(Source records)

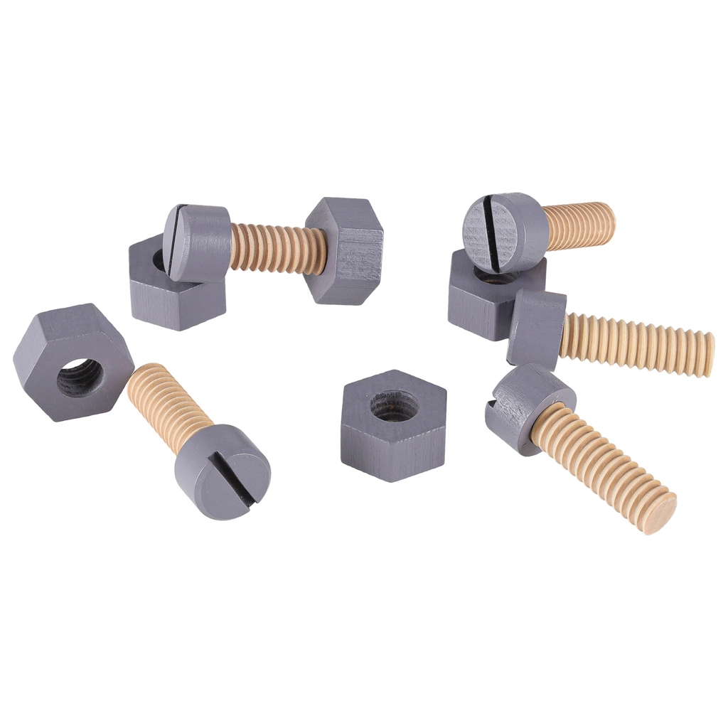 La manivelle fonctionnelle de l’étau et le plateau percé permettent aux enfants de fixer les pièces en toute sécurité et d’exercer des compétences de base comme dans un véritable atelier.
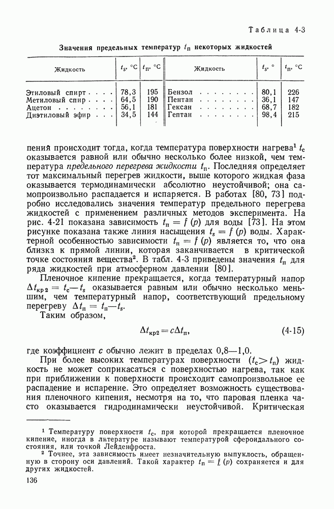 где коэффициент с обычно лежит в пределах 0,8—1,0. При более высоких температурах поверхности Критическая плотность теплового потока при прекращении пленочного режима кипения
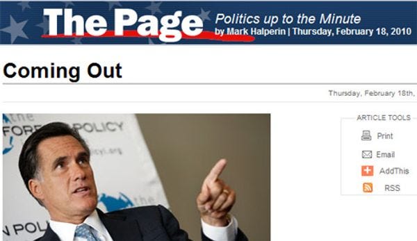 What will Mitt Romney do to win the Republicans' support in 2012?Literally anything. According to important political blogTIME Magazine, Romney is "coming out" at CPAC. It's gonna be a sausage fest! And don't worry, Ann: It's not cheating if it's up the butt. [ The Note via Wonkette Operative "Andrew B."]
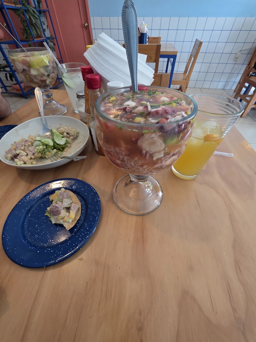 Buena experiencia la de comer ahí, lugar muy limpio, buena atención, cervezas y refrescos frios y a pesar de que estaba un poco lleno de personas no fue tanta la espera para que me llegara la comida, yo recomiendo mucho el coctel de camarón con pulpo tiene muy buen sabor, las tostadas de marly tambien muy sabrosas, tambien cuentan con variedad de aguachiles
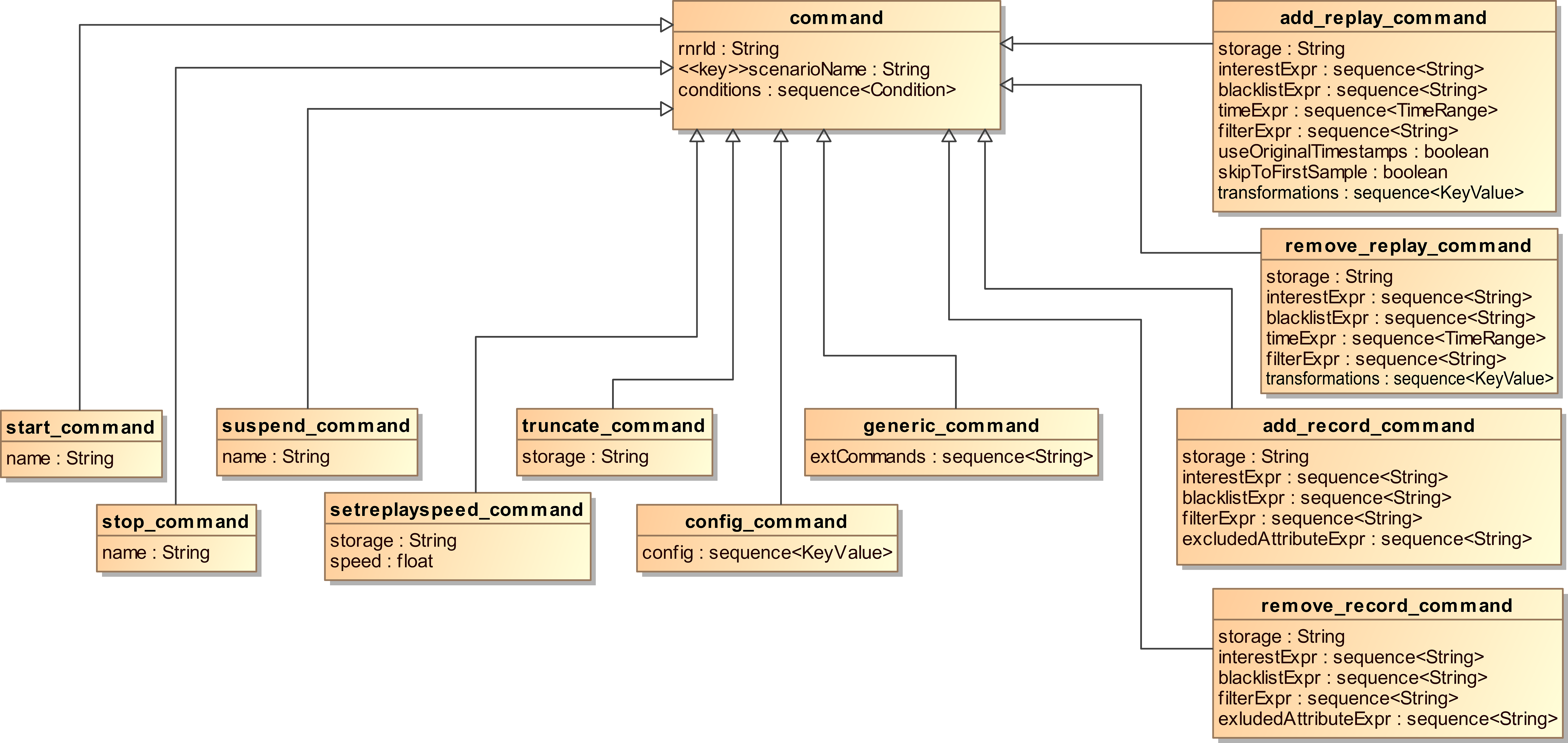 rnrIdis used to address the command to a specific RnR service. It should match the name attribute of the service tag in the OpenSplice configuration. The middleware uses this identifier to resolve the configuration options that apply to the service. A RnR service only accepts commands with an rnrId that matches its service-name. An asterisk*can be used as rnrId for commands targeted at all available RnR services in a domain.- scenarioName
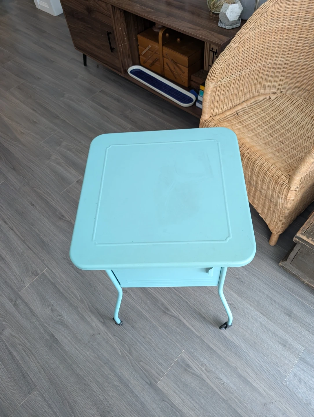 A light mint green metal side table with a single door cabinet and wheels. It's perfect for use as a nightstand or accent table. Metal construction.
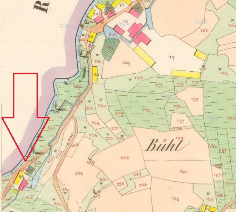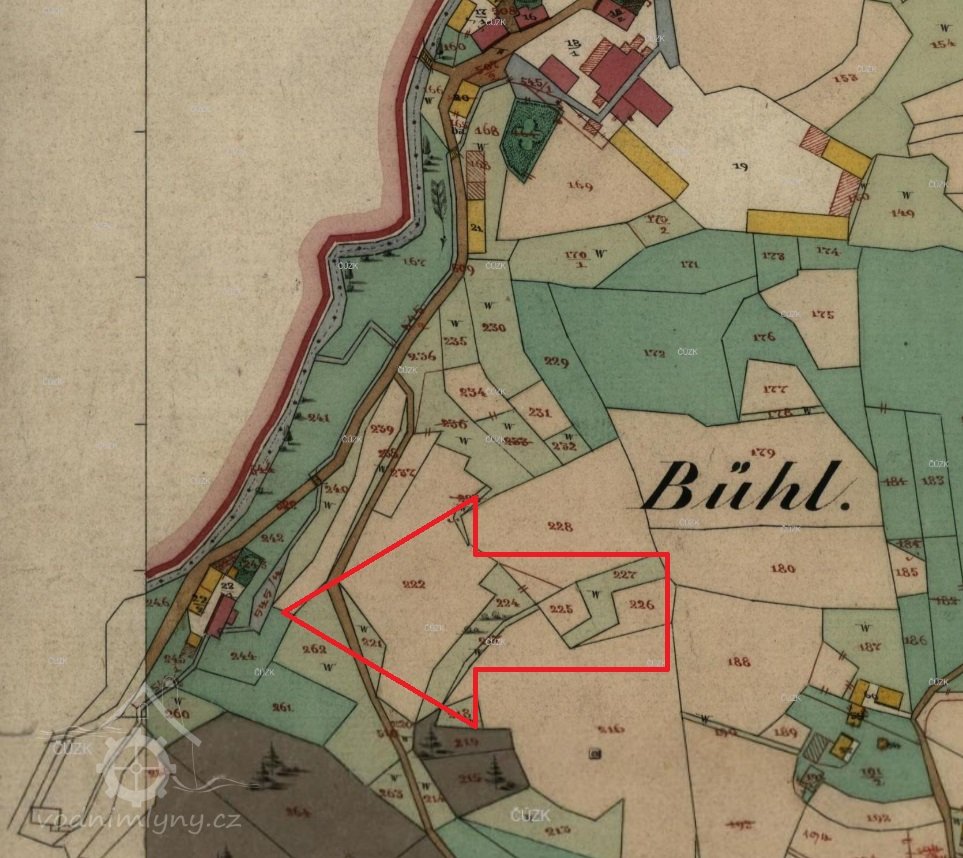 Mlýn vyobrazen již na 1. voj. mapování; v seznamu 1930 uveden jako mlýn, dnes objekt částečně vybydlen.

*WORK TO BE COMPLETED*. All of the data above should be printed again exactly, though none of the pictures belong in the copy.

*EXERCISE ANSWER*.
 La manivelle fonctionnelle de l’étau et le plateau percé permettent aux enfants de fixer les pièces en toute sécurité et d’exercer des compétences de base comme dans un véritable atelier.
 где коэффициент с обычно лежит в пределах 0,8—1,0. При более высоких температурах поверхности Критическая плотность теплового потока при прекращении пленочного режима кипения
 What will Mitt Romney do to win the Republicans' support in 2012?Literally anything. According to important political blogTIME Magazine, Romney is "coming out" at CPAC. It's gonna be a sausage fest! And don't worry, Ann: It's not cheating if it's up the butt. [ The Note via Wonkette Operative "Andrew B."]
 Buena experiencia la de comer ahí, lugar muy limpio, buena atención, cervezas y refrescos frios y a pesar de que estaba un poco lleno de personas no fue tanta la espera para que me llegara la comida, yo recomiendo mucho el coctel de camarón con pulpo tiene muy buen sabor, las tostadas de marly tambien muy sabrosas, tambien cuentan con variedad de aguachiles
 rnrIdis used to address the command to a specific RnR service. It should match the name attribute of the service tag in the OpenSplice configuration. The middleware uses this identifier to resolve the configuration options that apply to the service. A RnR service only accepts commands with an rnrId that matches its service-name. An asterisk*can be used as rnrId for commands targeted at all available RnR services in a domain.- scenarioName
 A light mint green metal side table with a single door cabinet and wheels. It's perfect for use as a nightstand or accent table. Metal construction.
 Mlýn vyobrazen již na 1. voj. mapování; v seznamu 1930 uveden jako mlýn, dnes objekt částečně vybydlen.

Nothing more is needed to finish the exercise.